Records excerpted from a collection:
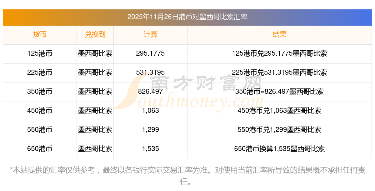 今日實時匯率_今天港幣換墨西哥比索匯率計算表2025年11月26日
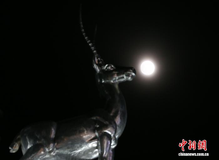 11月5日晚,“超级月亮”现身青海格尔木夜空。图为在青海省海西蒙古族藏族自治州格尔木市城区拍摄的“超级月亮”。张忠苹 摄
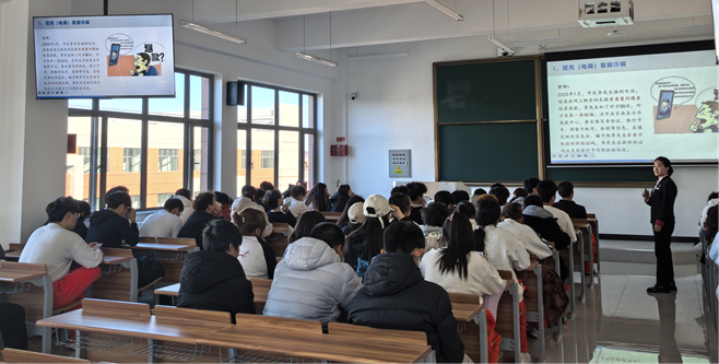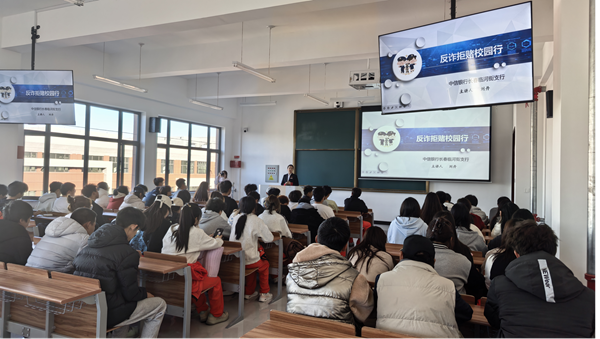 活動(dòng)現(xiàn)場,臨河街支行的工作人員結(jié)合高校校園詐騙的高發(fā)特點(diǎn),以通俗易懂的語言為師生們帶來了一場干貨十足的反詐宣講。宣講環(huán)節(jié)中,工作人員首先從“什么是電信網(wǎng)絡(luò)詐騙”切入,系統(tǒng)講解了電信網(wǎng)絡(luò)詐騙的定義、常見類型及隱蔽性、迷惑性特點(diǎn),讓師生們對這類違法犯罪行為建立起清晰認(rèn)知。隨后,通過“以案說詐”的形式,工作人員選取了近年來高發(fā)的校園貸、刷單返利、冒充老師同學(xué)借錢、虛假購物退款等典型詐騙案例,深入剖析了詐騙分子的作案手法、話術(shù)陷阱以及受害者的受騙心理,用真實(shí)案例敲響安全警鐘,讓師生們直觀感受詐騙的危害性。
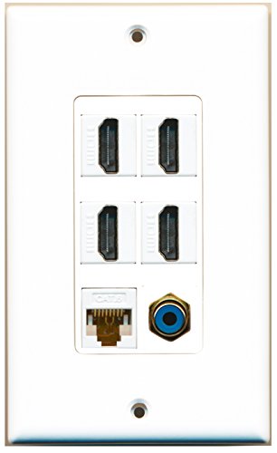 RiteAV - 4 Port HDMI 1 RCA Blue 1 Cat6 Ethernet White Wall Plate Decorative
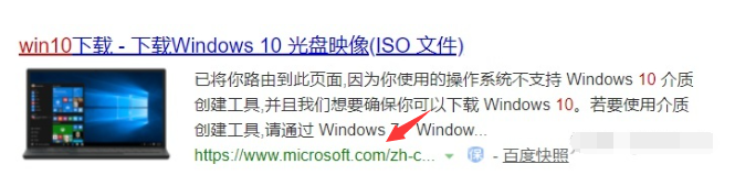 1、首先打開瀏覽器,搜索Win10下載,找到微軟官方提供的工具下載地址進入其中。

Your instructions - Return all the data exactly, and keep the pictures out.

Written reply -
 今日實時匯率_今天港幣換墨西哥比索匯率計算表2025年11月26日
 11月5日晚,“超级月亮”现身青海格尔木夜空。图为在青海省海西蒙古族藏族自治州格尔木市城区拍摄的“超级月亮”。张忠苹 摄
 活動(dòng)現(xiàn)場,臨河街支行的工作人員結(jié)合高校校園詐騙的高發(fā)特點(diǎn),以通俗易懂的語言為師生們帶來了一場干貨十足的反詐宣講。宣講環(huán)節(jié)中,工作人員首先從“什么是電信網(wǎng)絡(luò)詐騙”切入,系統(tǒng)講解了電信網(wǎng)絡(luò)詐騙的定義、常見類型及隱蔽性、迷惑性特點(diǎn),讓師生們對這類違法犯罪行為建立起清晰認(rèn)知。隨后,通過“以案說詐”的形式,工作人員選取了近年來高發(fā)的校園貸、刷單返利、冒充老師同學(xué)借錢、虛假購物退款等典型詐騙案例,深入剖析了詐騙分子的作案手法、話術(shù)陷阱以及受害者的受騙心理,用真實(shí)案例敲響安全警鐘,讓師生們直觀感受詐騙的危害性。
 RiteAV - 4 Port HDMI 1 RCA Blue 1 Cat6 Ethernet White Wall Plate Decorative
 1、首先打開瀏覽器,搜索Win10下載,找到微軟官方提供的工具下載地址進入其中。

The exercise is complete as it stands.